In New York, he said, he made contact with several lawyers who said recently that they found his story to be credible. Mr Rene Kathawala, who leads the pro bono practice at Orrick, Herrington & Sutcliffe, said his firm would do everything possible to assist Skoro and his immigration lawyer, Mr Irwin Berowitz, in the deportation case.

Mr Berowitz said that an asylum officer who recently interviewed Skoro found him credible and that he had established a "reasonable fear of persecution" if deported to Kosovo. That finding allowed the case to be sent to an immigration judge for further proceedings, Mr Berowitz said.

Skoro was also referred to Mr Joshua Dratel, a lawyer who has developed a national security practice. Skoro approached him in April last year, intent on providing "proactive undercover assistance to law enforcement" with respect to ISIS, Mr Dratel said in a declaration that is also part of the immigration case.

Skoro initially told Mr Dratel that he would receive a call from a US official, who would refer to Skoro by a codename, according to the declaration. Mr Dratel said he received such a call. The caller asked whether Skoro was overseas, in which case he could "use him". But if Skoro was in the US, he was "off limits", the caller said. When Mr Dratel said Skoro was in the US, the caller gave Mr Dratel the name and number of a senior FBI counterterrorism official in Washington.

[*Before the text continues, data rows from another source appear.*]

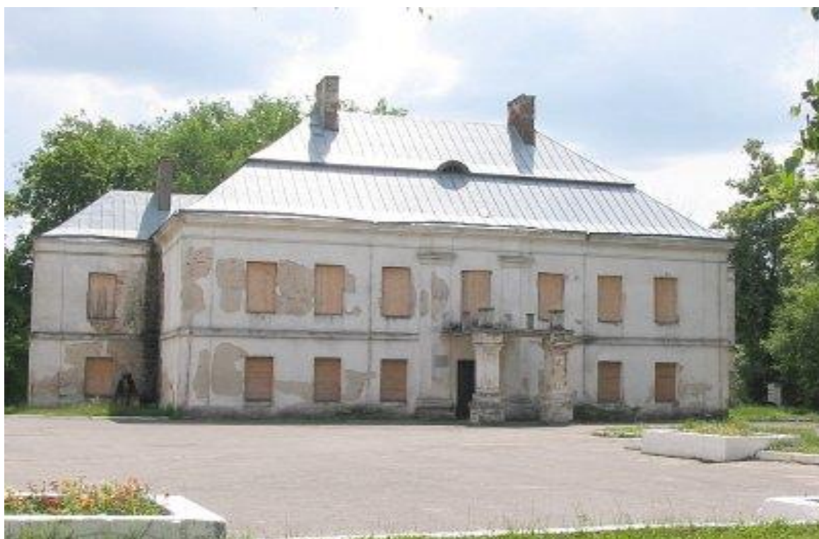
Рисунок 1 – Скоки. Вид дворца в начале XXI века до начала реставрации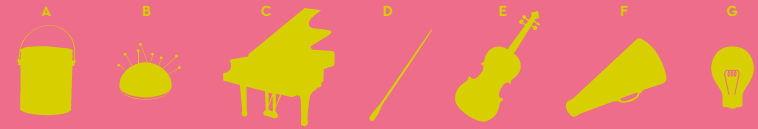
1B le costumier imagine les costumes - 2R le metteur en scène fait travailler les chanteurs et les musiciens pendant les répétitions et il les dirige pendant les représentations. 3C le compositeur écrit la musique - 4E le musicien joue de son instrument. 5A le décorateur crée les décors - 6D l'éclairagiste les lumières - 7D le chef d'orchestre prépare musicalement les chanteurs et les musiciens pendant les répétitions et il les dirige pendant les représentations.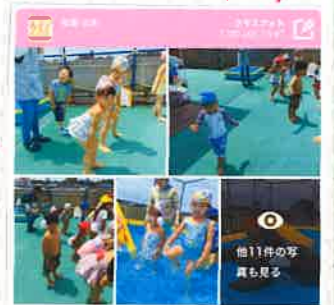
みんなの園での様子も見る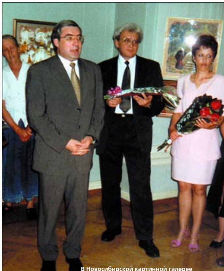
В Новосибирской картинной галерее

Областная администрация сегодня по-новому работает с мэрией Новосибирска. В отличие от прежних лет, мы все важ-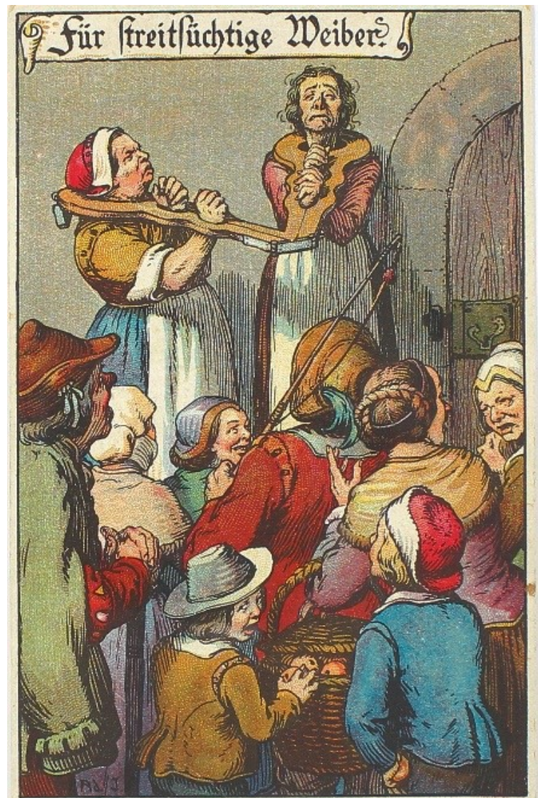
Bewährte Strafe für Zank und Streit – nicht nur bei Frauen – war lange Zeit die Schandgeige. Lithographie und Druck: E. Nister, Nürnberg, um 1905

Dolck präsentierte dem Gericht eine völlig andere Version des Tatherganges. Eine Beleidigung unter Verwendung des Schimpfwortes „Esel“ wies er von sich. Er habe sich, so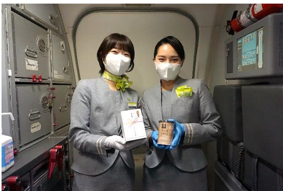
“栗のトップブランド” 宮崎県小林市須木産の「須木栗」を使用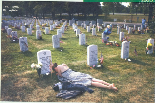
აპრ. 2010. 10 ივნისი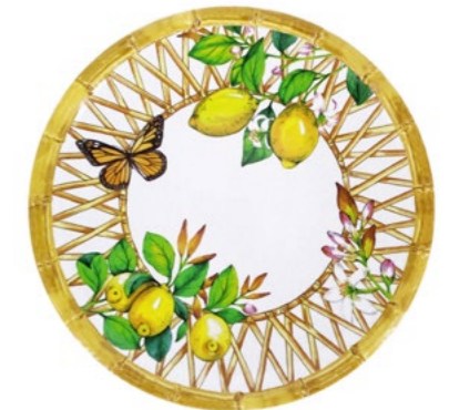
MCA-01AB : PETITE ASSIETTE / SMALL PLATE Ø 23 cm / 270 g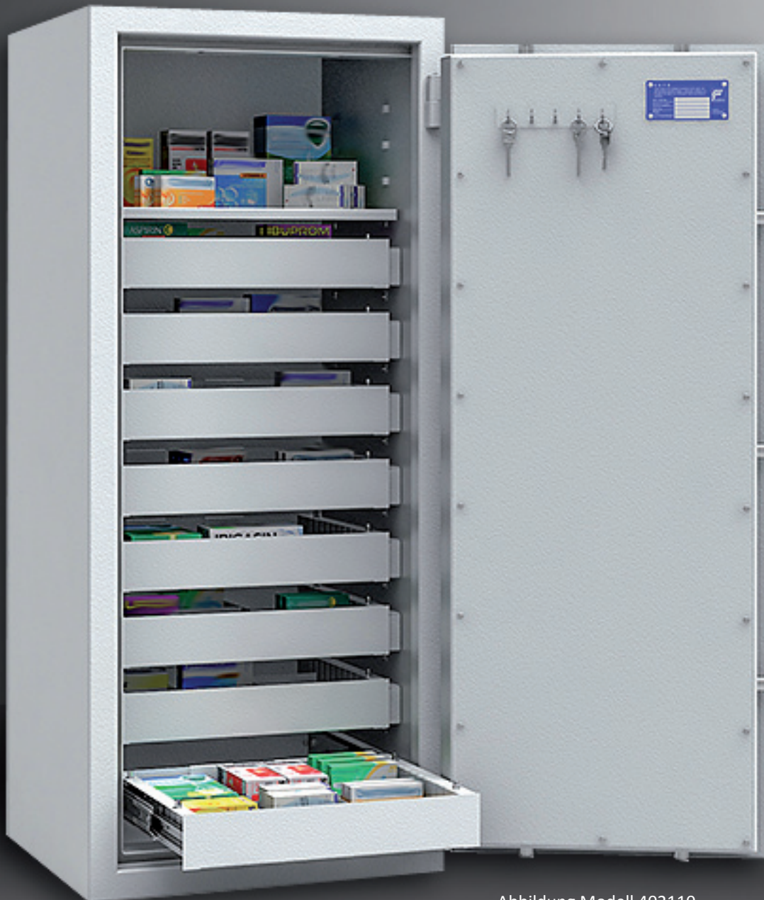
Abbildung Modell 402110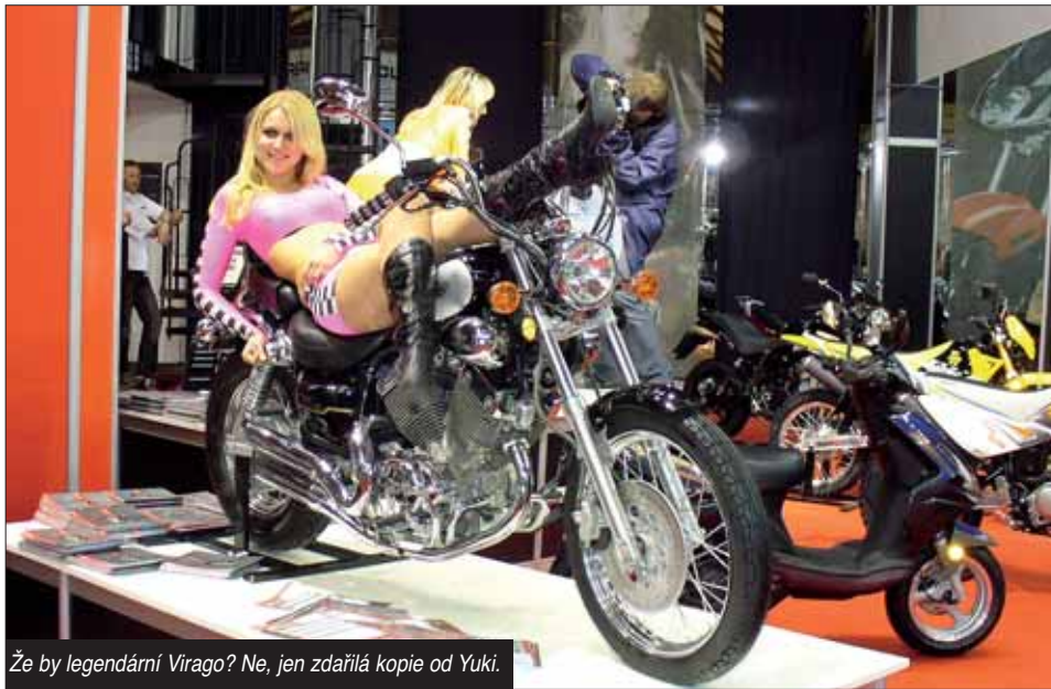
Že by legendární Virago? Ne, jen zdražilá kopie od Yuki.

Ve velkém stylu se zde prezentovaly všechny významné značky na již tradičních místech výstaviště. U renomovaných výrobců je předpoklad, že si největší tuzemské motovýstavy považují a předvedou se v co nejlepším světle.

In June last year, Mr Dratel said, Skoro eventually met two FBI agents at his office. One agent, Mr Dratel recalled, said the CIA had confirmed to the bureau that Skoro had a previous relationship with the agency.

In November, Mr Dratel arranged for Skoro to meet New York police officials, including Mr John Miller, the deputy commissioner for intelligence and counterterrorism. But the bureau and the police ultimately declined to use Skoro.

Mr Jack Cloonan, a retired FBI counterterrorism agent, said he had never heard of Skoro and had no idea if his claims were authentic. But Mr Cloonan said the case underscored how important it was for the government to have someone who was Muslim and operational who could carry out acts that the intelligence agencies need.

After Skoro's illegal re-entry arrest in March, he was jailed without bond when federal prosecutors in Brooklyn argued that he might flee.

But on March 23, one day after the ISIS attacks in Brussels, a prosecutor called Mr Dratel and said the government was now interested in meeting Skoro to determine if he could be of assistance.

Mr Dratel said he met prosecutors alone, outlining what his client knew and providing copies of screenshots of certain text messages between Skoro and a purported ISIS operative in Syria.

Two days later, the government, without elaboration, moved to dismiss Skoro's illegal re-entry charge. The prosecutors did not pursue a meeting with him directly, Mr Dratel said.

Mr Skoro was then moved into immigration custody, where he remains today.

NEW YORK TIMES

•Aurelien Breeden and Samantha Schmidt contributed reporting, and Alain Delaqueriere contributed research.